I'm trying run this a query, with a JOIN without ON property.

I'm running the query like:

hive -v -f  my_file.hql

I got this message:

In strict mode, cartesian product is not allowed. If you really want to perform the operation, set hive.mapred.mode=nonstrict

I update the hql file with:
set hive.mapred.mode=nonstrict on top of it.

But then I got this message:

SET hive.mapred.mode=nonstrict Query returned non-zero code: 1, cause: Cannot modify hive.mapred.mode at runtime. It is in the listof parameters that can't be modified at runtime

How I can solve this issue?

ps: I want to make this cartesian product.

How I make it happen? Where I can set this variable hive.mapred.mode works ?

David דודו Markovitz
  • 42,900
  • 6
  • 64
  • 88
Alvaro Silvino
  • 9,441
  • 12
  • 52
  • 80
  • have you tried setting it in hive-site.xml? – spijs Feb 16 '17 at 09:10
  • I don't have access to the hive-site.xml (using a shared cluster) @spijs – Alvaro Silvino Feb 16 '17 at 09:17
  • Do you have a good reason why you don't want to use `ON`? Apparently Hive cannot optimize converting a where clause to a `ON`. – spijs Feb 16 '17 at 09:25
  • I'm just using another table that does not necessary match perfectly with each other that's why does not make sense for me in this case use the ON on it. @spijs – Alvaro Silvino Feb 16 '17 at 09:28
  • Have you tried to set it in Hive interactive shell? If that also is not possible, it probably means that this has to be set before turning on hive-server meaning you probably can't figure this out without contacting your cluster admin. – spijs Feb 16 '17 at 10:12
  • What you could try though is to add a column to both tables which always has for example the value 1. If you then do a join on these values you would get the cartesian product if I'm not mistaken. – spijs Feb 16 '17 at 10:22

1 Answers1

13

As you already know a cartesian product is not allowed in strict mode (and for good reasons). In your use case it seems like you don't have permissions to make changes to these type of hive settings.

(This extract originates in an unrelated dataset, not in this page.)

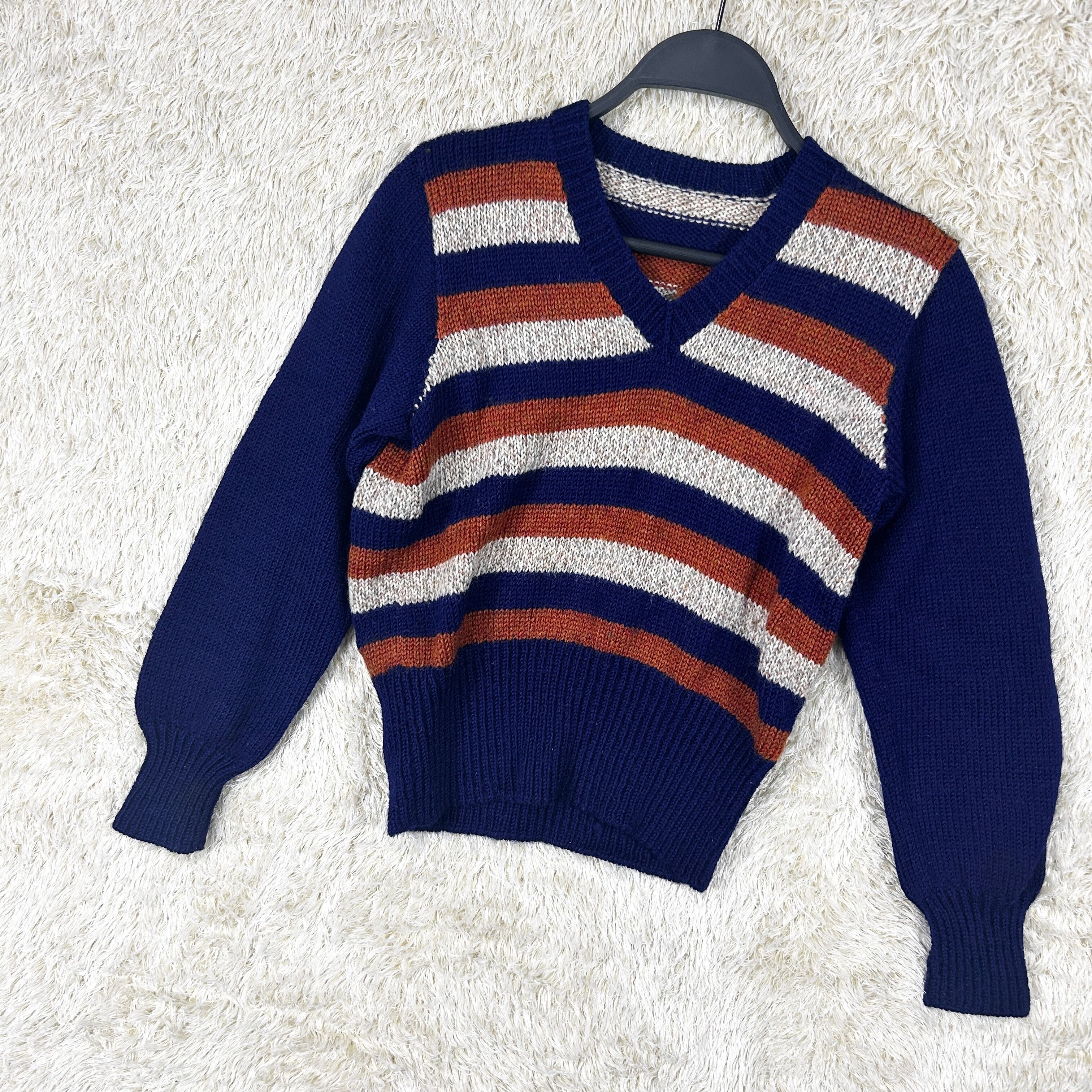 レトロ配色ボーダー Vネックニット セーター ネイビー

To hack around this problem what you could do is the following. First create two new tables

create table new_1 as SELECT *,1 as join_key from table1;
create table new_2 as SELECT *,1 as join_key2 from table2;

Then join these tables on this join_key. The result will be the cartesian product since it will match each row of table1 with each row of table2.

select * from new_1 join new_2 on join_key=join_key2

Just found out that using --hiveconf solves the problem:

hive -v -f  my_file.hql --hiveconf hive.mapred.mode=nonstrict

will allow the nonstrict mode specifically for this query.

Alvaro Silvino
  • 9,441
  • 12
  • 52
  • 80
spijs
  • 1,489
  • 18
  • 36